1.2. Determination of photosynthetic parameters and physiological indexes
Determination of chlorophyll content: Fresh leaves (about 0.5 g) without main vein from each group were immersed in 2 mL of the mixture of acetone and ethanol (V:V = 1:1) and oscillated in the dark until the green completely faded. Absorbance values at 665 and 649 nm were measured using a spectrophotometer (Agilent Technologies, China). The content of chlorophyll a (Chl a), chlorophyll b (Chl b), total chlorophyll (Chl a + b), and chlorophyll a/b (Chl a/b) were measured via spectrophotometry (Pirie and Mullins Citation1976).

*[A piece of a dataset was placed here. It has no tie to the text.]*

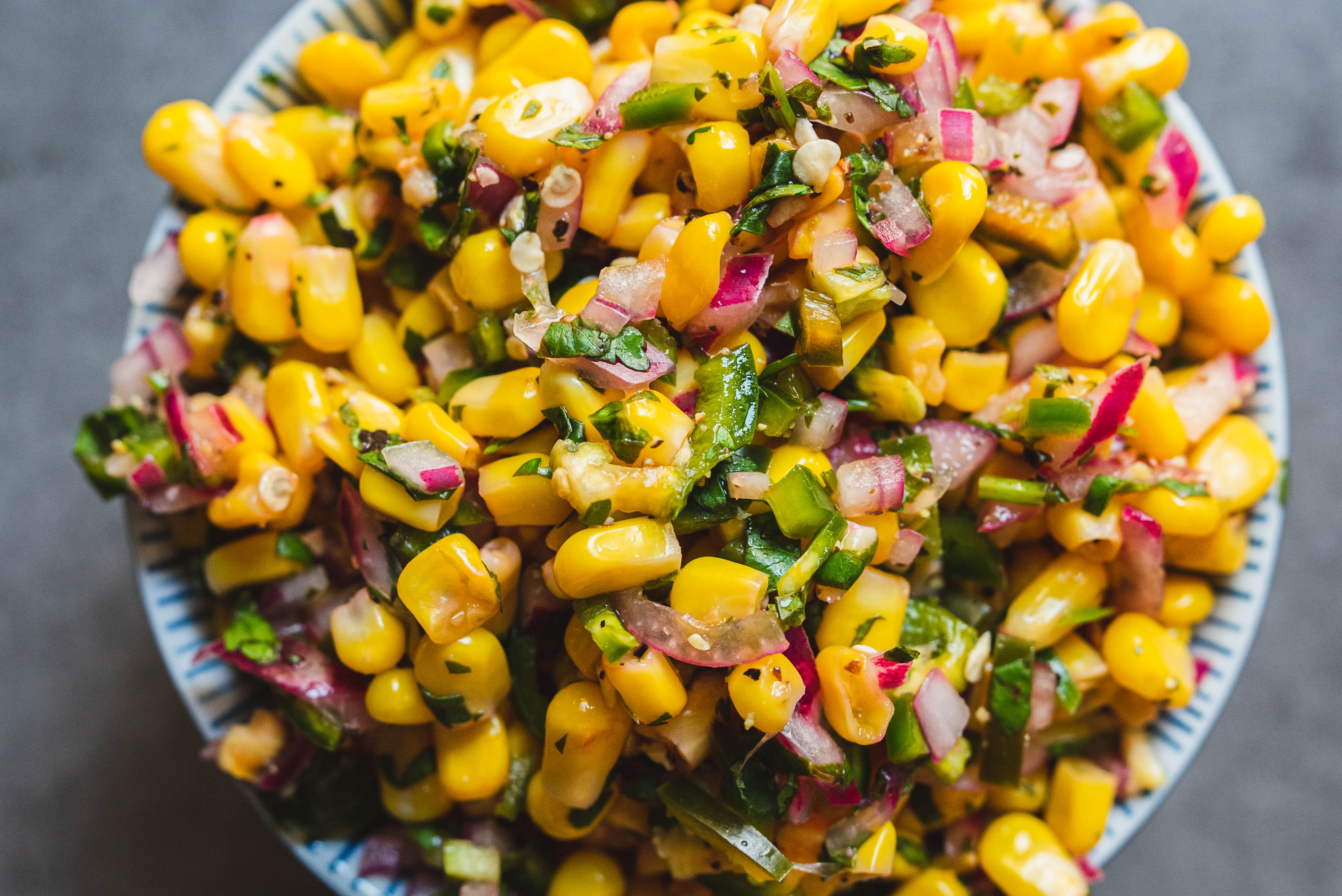 Step 1 -In a bowl, combine the corn, the jalapeños, the red onion, the cilantro, the lime juice, 1/2 teaspoon of the salt, and 1/2 teaspoon of the pepper.

Physiological indicators related to the ROS metabolism: Thiobarbituric acid colorimetry was used for MDA content determination (Ernster and Nordenbrand Citation1977), superoxide anion (O2-) production rate was evaluated using the method by Elstner and Heupel (Citation1976). Hydrogen peroxide (H2O2) was extracted using 5% (w/v) trichloroacetic acid and measured according to the method by Patterson et al. (Citation1984). Conversely, SOD, POD, and CAT activities were determined using the method by Wang and Huang (Citation2015). The activity (1U) of SOD is defined as the amount of enzymes required to reduce NBT to half of that of the control group. The activity (1U) of CAT is defined as the reduction of an absorbance at 240 nm (A240) by 0.1, and the activity (1U) of POD is defined as the reduction of an absorbance at 470 nm (A470) by 0.01. APX and GPX activities were measured using their respective assay kits (Suzhou Comin Biotechnology Co., Ltd).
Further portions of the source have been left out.